**What to produce**
Write out the entries below exactly, but only from the line containing "iDiskk mini - Using" through the line containing "網(wǎng)絡智能巡控探照燈 崗監(jiān)衛(wèi)士 GJWS-SW091E20L-JQ", and without the pictures.

**Record excerpts**
=== Section Start ===
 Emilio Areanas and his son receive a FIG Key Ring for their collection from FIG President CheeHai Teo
=== Section End ===
=== Section Start ===
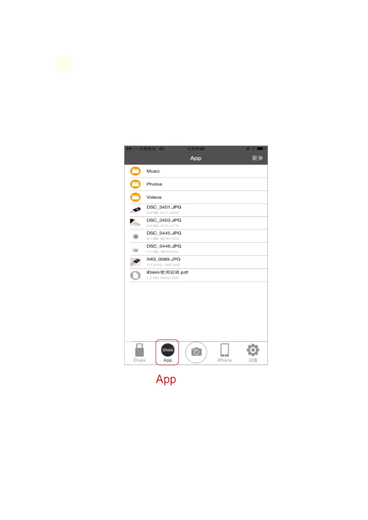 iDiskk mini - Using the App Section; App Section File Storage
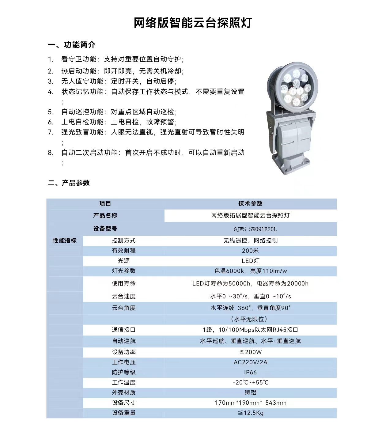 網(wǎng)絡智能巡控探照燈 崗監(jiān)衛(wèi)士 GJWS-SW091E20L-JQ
=== Section End ===
=== Section Start ===
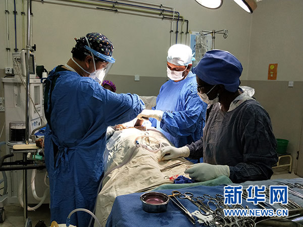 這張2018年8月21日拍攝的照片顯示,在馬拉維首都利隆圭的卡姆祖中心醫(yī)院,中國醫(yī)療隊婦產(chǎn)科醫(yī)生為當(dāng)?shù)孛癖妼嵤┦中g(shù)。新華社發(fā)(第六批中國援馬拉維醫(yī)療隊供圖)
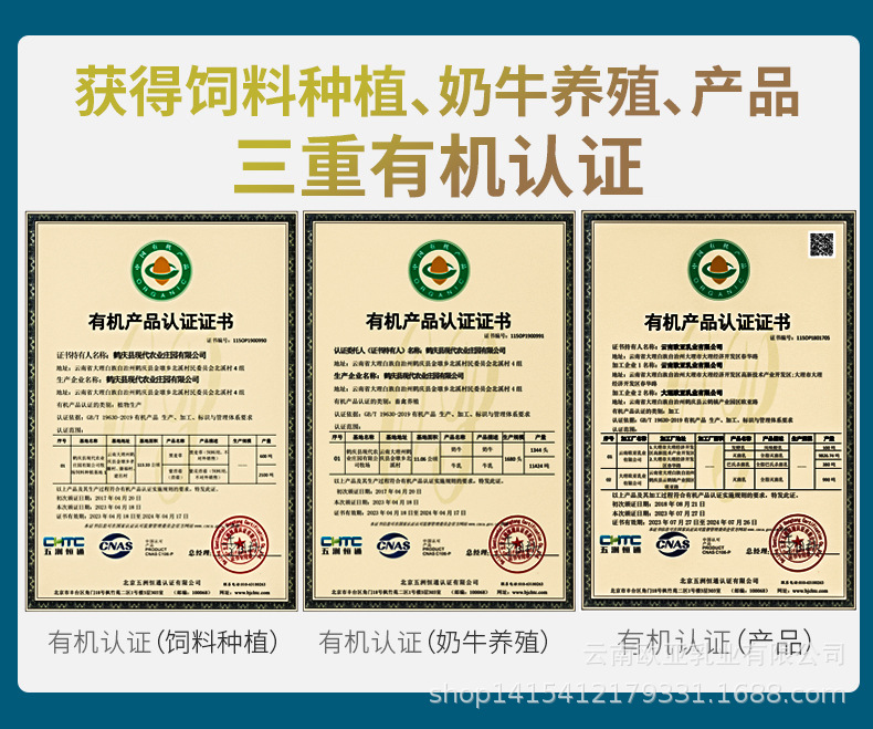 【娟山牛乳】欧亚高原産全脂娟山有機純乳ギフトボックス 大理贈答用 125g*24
=== Section End ===
**Task solution**
 iDiskk mini - Using the App Section; App Section File Storage
 網(wǎng)絡智能巡控探照燈 崗監(jiān)衛(wèi)士 GJWS-SW091E20L-JQ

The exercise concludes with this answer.